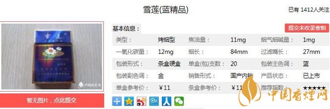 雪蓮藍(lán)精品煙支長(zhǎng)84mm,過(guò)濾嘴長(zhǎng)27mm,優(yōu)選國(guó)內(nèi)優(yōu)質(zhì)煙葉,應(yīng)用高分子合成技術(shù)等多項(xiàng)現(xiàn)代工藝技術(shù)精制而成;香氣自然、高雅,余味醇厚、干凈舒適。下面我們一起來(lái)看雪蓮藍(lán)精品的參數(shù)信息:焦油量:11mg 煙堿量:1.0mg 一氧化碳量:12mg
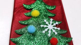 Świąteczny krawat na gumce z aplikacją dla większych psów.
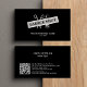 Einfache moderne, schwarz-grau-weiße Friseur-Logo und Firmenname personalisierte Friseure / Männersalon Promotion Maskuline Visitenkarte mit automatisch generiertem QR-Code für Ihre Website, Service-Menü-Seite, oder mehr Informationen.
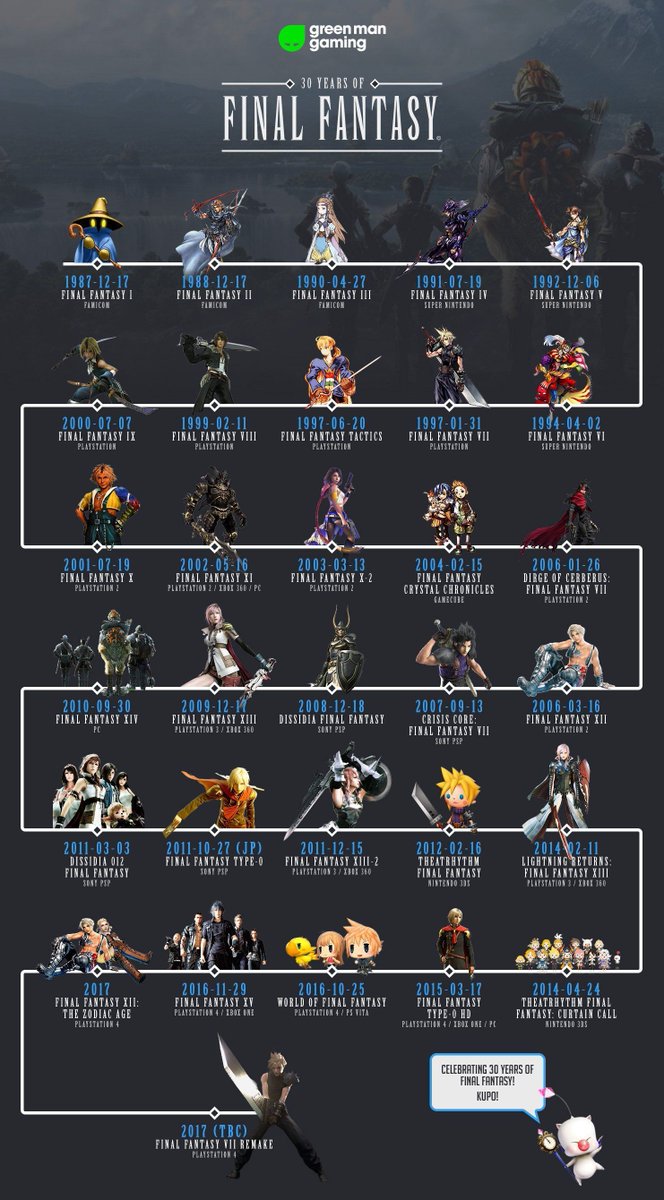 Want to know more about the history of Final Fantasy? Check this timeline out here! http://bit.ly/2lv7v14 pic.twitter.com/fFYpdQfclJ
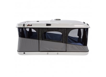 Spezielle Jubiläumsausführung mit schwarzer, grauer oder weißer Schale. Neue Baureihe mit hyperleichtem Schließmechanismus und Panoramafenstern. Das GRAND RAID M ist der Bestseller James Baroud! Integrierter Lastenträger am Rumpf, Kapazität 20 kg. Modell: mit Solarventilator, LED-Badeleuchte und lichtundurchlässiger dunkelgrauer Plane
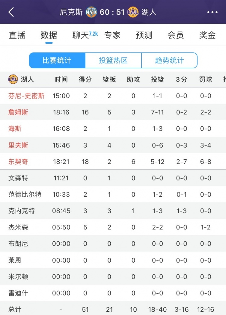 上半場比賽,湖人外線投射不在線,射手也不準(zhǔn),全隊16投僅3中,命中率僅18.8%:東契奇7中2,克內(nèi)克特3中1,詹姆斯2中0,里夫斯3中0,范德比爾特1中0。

...

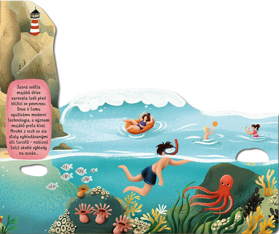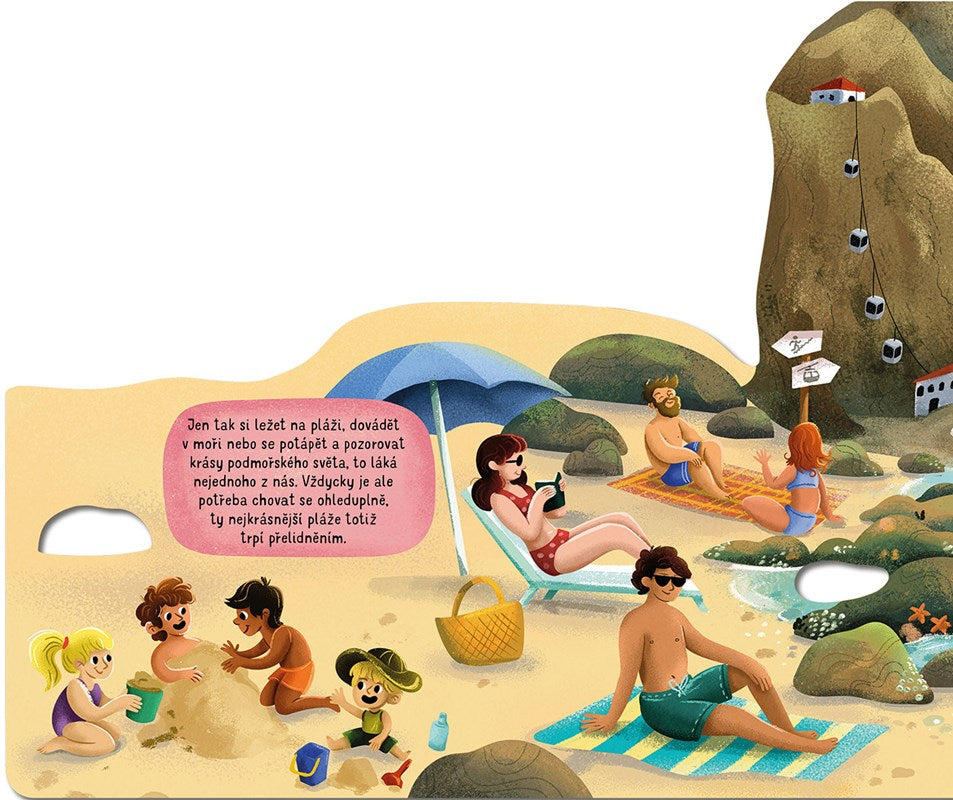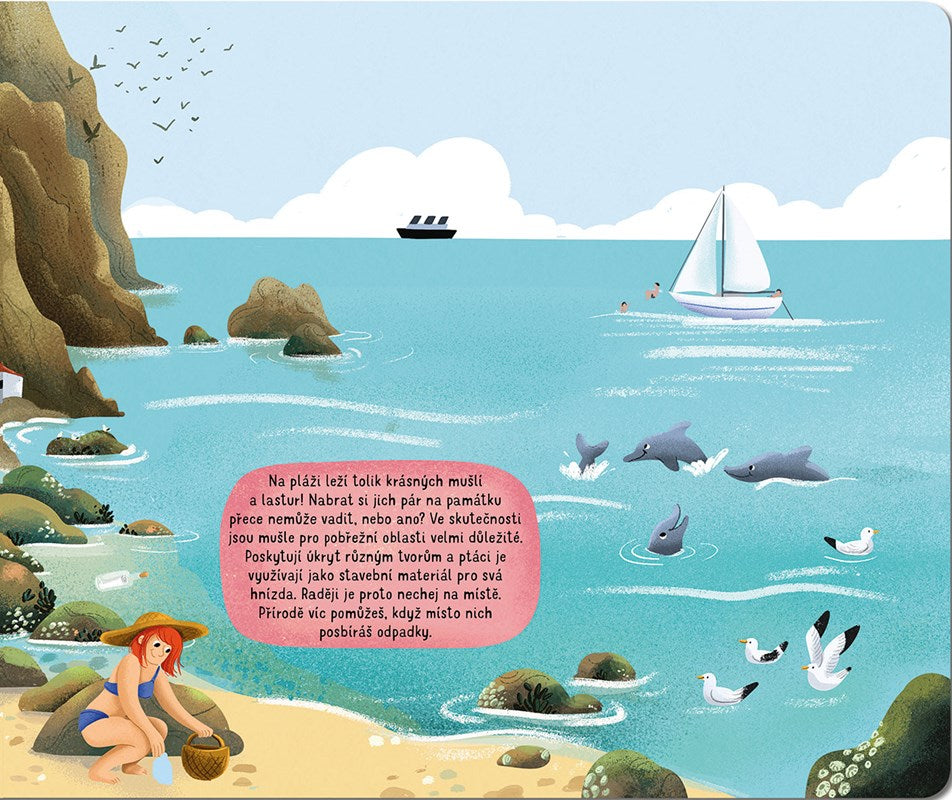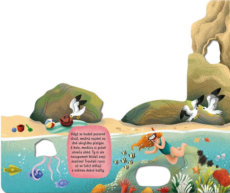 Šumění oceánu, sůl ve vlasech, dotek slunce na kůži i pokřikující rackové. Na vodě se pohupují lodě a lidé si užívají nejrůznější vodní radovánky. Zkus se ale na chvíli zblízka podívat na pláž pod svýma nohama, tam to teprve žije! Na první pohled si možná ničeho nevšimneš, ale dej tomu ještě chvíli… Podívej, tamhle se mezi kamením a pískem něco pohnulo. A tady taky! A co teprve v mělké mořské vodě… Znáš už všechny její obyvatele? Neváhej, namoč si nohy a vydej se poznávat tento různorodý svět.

**Problem to work on**
When you reach the line with "Świąteczny krawat na" in the records above, begin repeating the lines exactly, and stop after the line with "Want to know". Skip all pictures.

**Answer section**
 Świąteczny krawat na gumce z aplikacją dla większych psów.
 Einfache moderne, schwarz-grau-weiße Friseur-Logo und Firmenname personalisierte Friseure / Männersalon Promotion Maskuline Visitenkarte mit automatisch generiertem QR-Code für Ihre Website, Service-Menü-Seite, oder mehr Informationen.
 Want to know more about the history of Final Fantasy? Check this timeline out here! http://bit.ly/2lv7v14 pic.twitter.com/fFYpdQfclJ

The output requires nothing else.